Prohibited Uses: You agree not to use our website for any unlawful purpose or to engage in any conduct that could harm Content Crest Media or its users. This includes but is not limited to distributing viruses, hacking, or posting offensive content.
2. Services
Tailor-Made Services: Content Crest Media provides a range of media production, marketing, branding, and related services. Each service package is customized based on the specific needs and requirements of our clients. Detailed terms and conditions for these services are outlined in individual agreements or contracts.

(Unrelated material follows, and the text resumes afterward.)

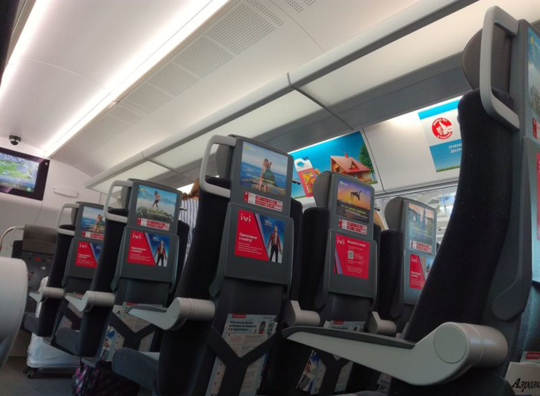 Реклама на спинках кресел в самолетах на фото выше

Modifications to Services: We reserve the right to modify or discontinue any service at any time without prior notice. We are not liable to you or any third party for any modification, suspension, or discontinuation of our services.
3. Payment and Fees
Custom Pricing: Since our services are tailored to each client’s unique needs, pricing is determined on a case-by-case basis and will be detailed in the individual agreements or contracts.

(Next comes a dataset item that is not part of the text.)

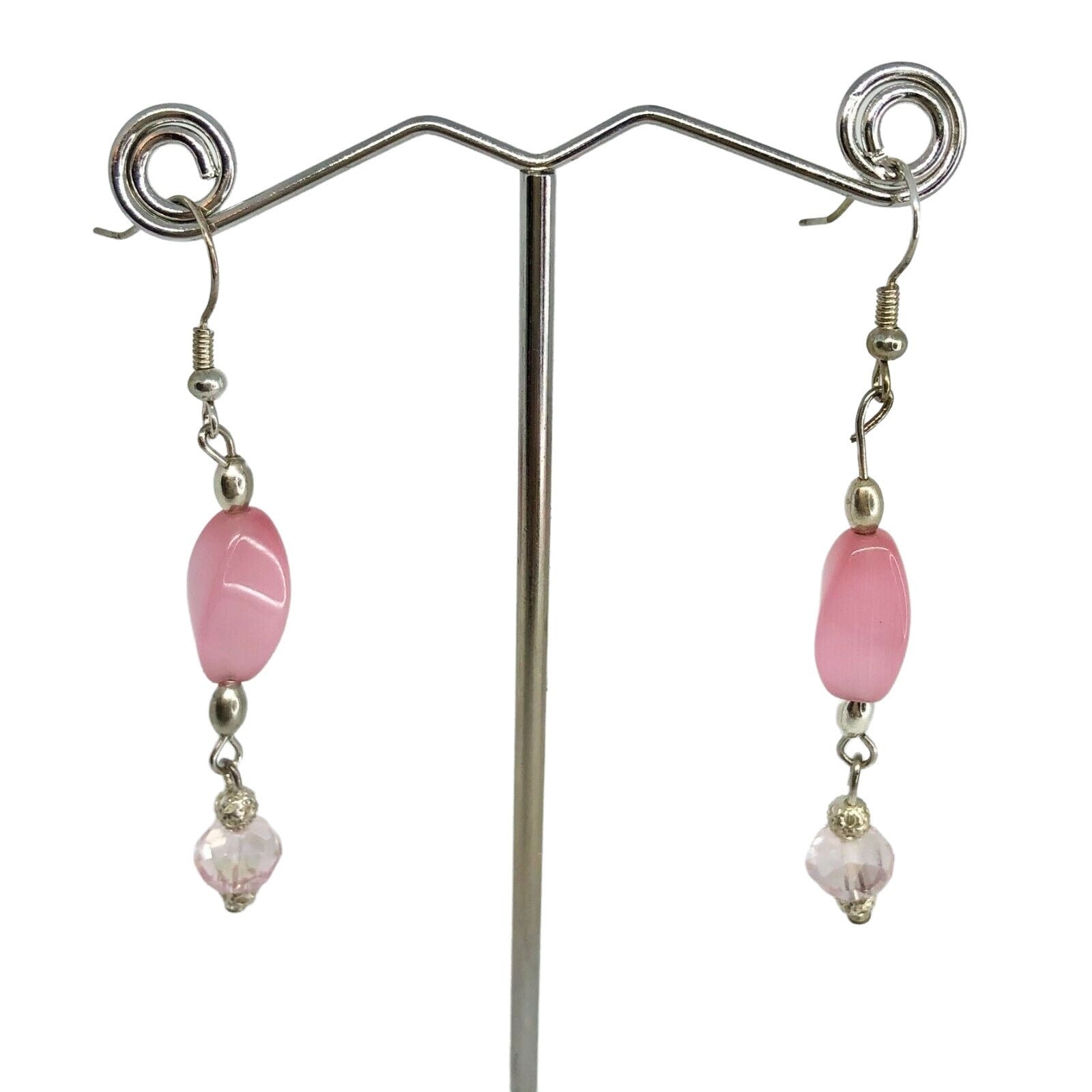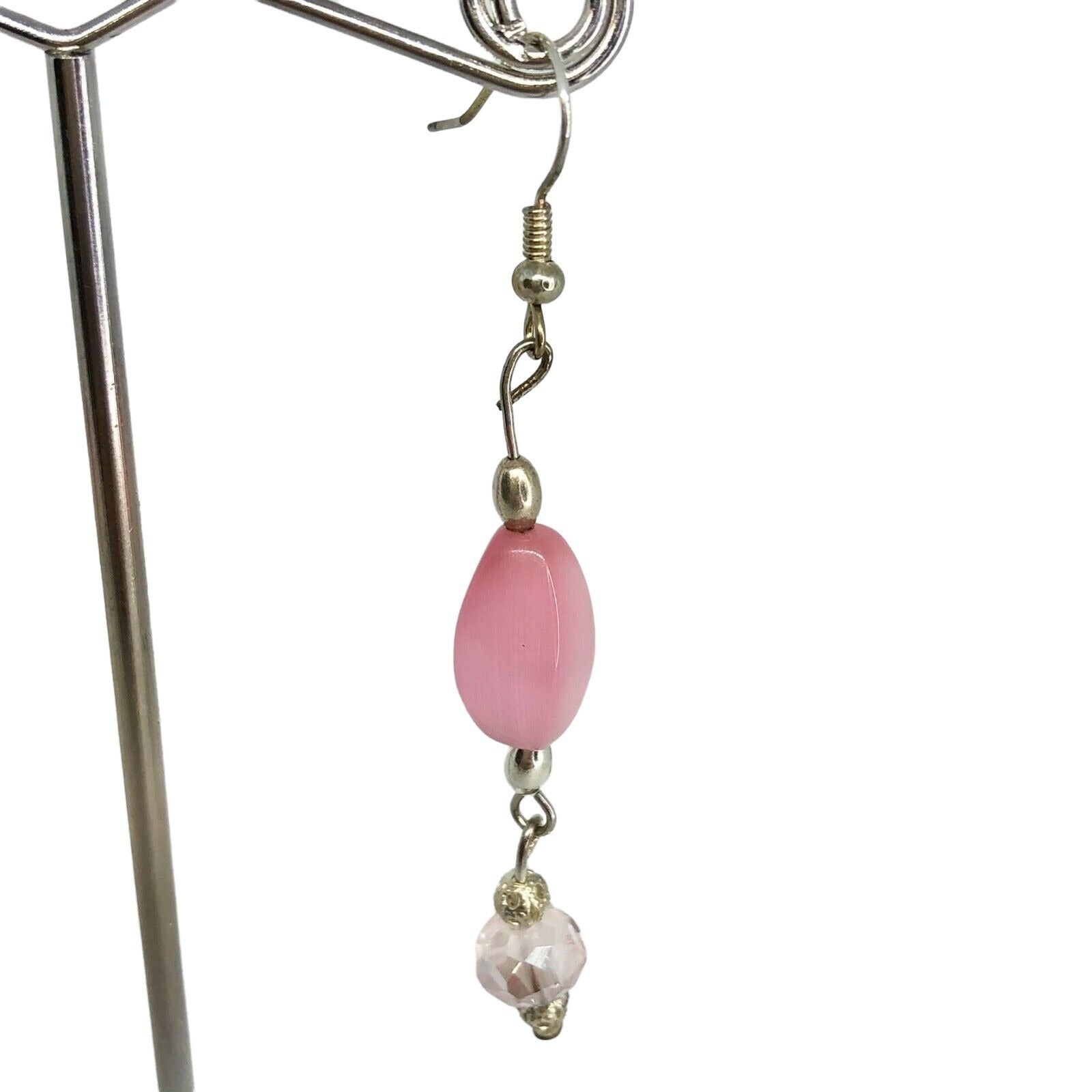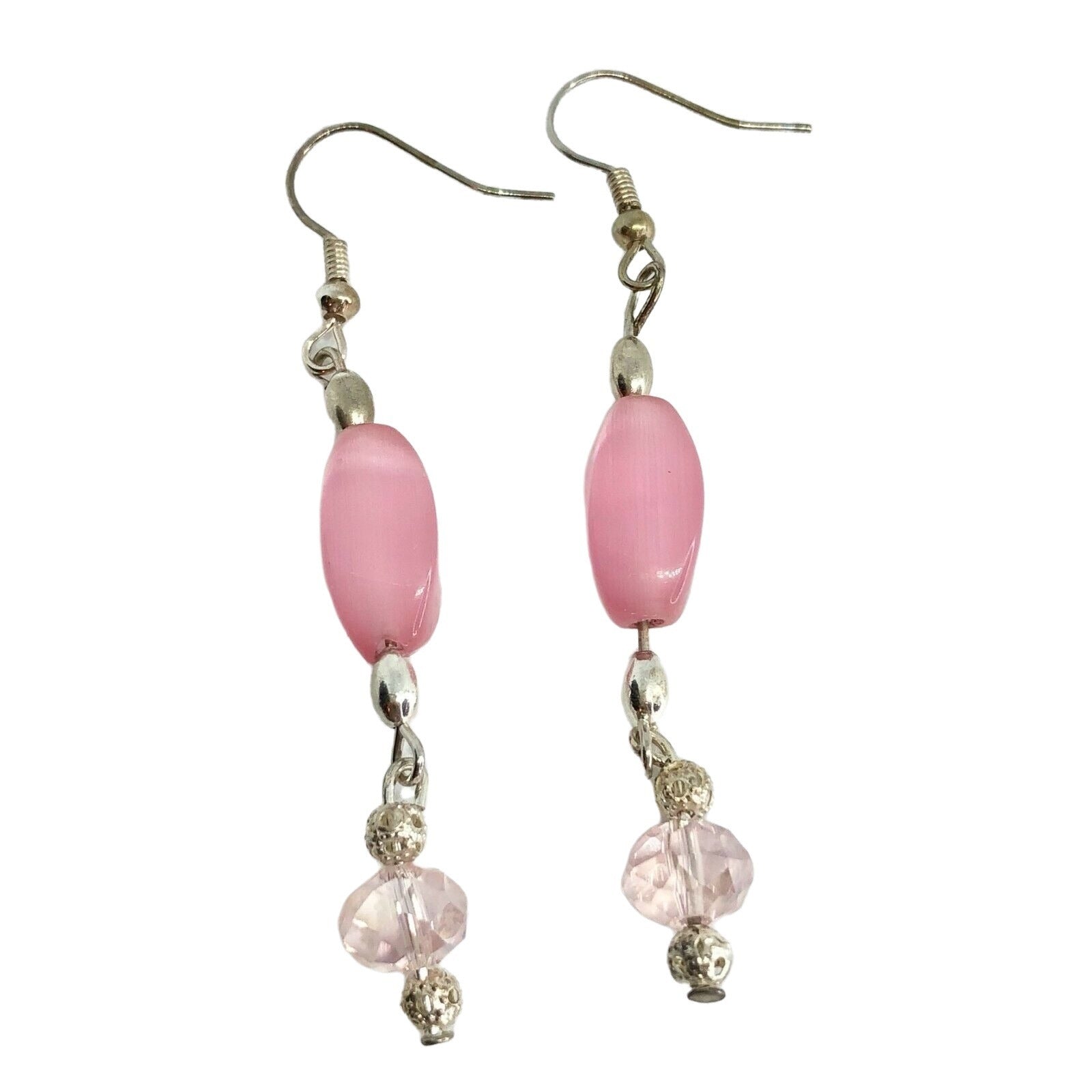 Handcrafted Earrings Pink Glass and Silver Metal Beads Delicate Spring

Payment Terms: Payment terms are specific to each client contract. Please refer to your individual agreement for details regarding payment schedules, terms, and conditions. Failure to comply with the agreed-upon payment terms may result in the suspension or termination of services.
4. Intellectual Property
Ownership: All content on our website, including text, graphics, logos, images, and software, is the property of Content Crest Media or its licensors and is protected by intellectual property laws.
License: We grant you a limited, non-exclusive, non-transferable license to access and use our website for personal and non-commercial purposes. Any unauthorized use of our content is prohibited.

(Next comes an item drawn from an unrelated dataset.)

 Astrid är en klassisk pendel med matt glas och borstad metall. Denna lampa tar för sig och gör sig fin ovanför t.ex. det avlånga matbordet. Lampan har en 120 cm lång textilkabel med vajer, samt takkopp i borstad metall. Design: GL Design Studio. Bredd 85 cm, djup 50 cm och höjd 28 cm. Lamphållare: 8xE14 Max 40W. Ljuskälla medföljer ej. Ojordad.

5. Limitation of Liability
No Warranty: Our website and services are provided on an “as is” and “as available” basis. We do not guarantee that our website will be error-free or uninterrupted.
Limitation: To the fullest extent permitted by law, Content Crest Media is not liable for any direct, indirect, incidental, or consequential damages arising out of your use of our website or services.
6. Indemnification
You agree to indemnify, defend, and hold harmless Content Crest Media, its affiliates, and their respective officers, directors, employees, and agents from any claims, liabilities, damages, and expenses, including attorney’s fees, arising out of your use of our website or services, your violation of these terms, or your infringement of any intellectual property or other rights.
7. Governing Law
These Terms and Conditions are governed by and construed in accordance with the laws of the jurisdiction in which Content Crest Media operates, without regard to its conflict of law principles.
8. Changes to Terms
We may update these Terms and Conditions from time to time. Any changes will be posted on this page, and the updated terms will take effect immediately upon posting.
9. Contact Information
If you have any questions about these Terms and Conditions, please contact us at:
Content Crest Media
For Service Use
TERMS AND CONDITIONS
Content Crest Media
Gujarat’s Premier Media Production & Marketing Agency
These Terms and Conditions (“Agreement”) form an integral part of the quotation provided by Content Crest Media (“Company,” “CCM,” “We,” “Us,” or “Our”) to the client (“Client,” “You,” or “Your”). By accepting the quotation or engaging Our services, You acknowledge that You have read, understood, and agree to be bound by these terms and conditions in their entirety.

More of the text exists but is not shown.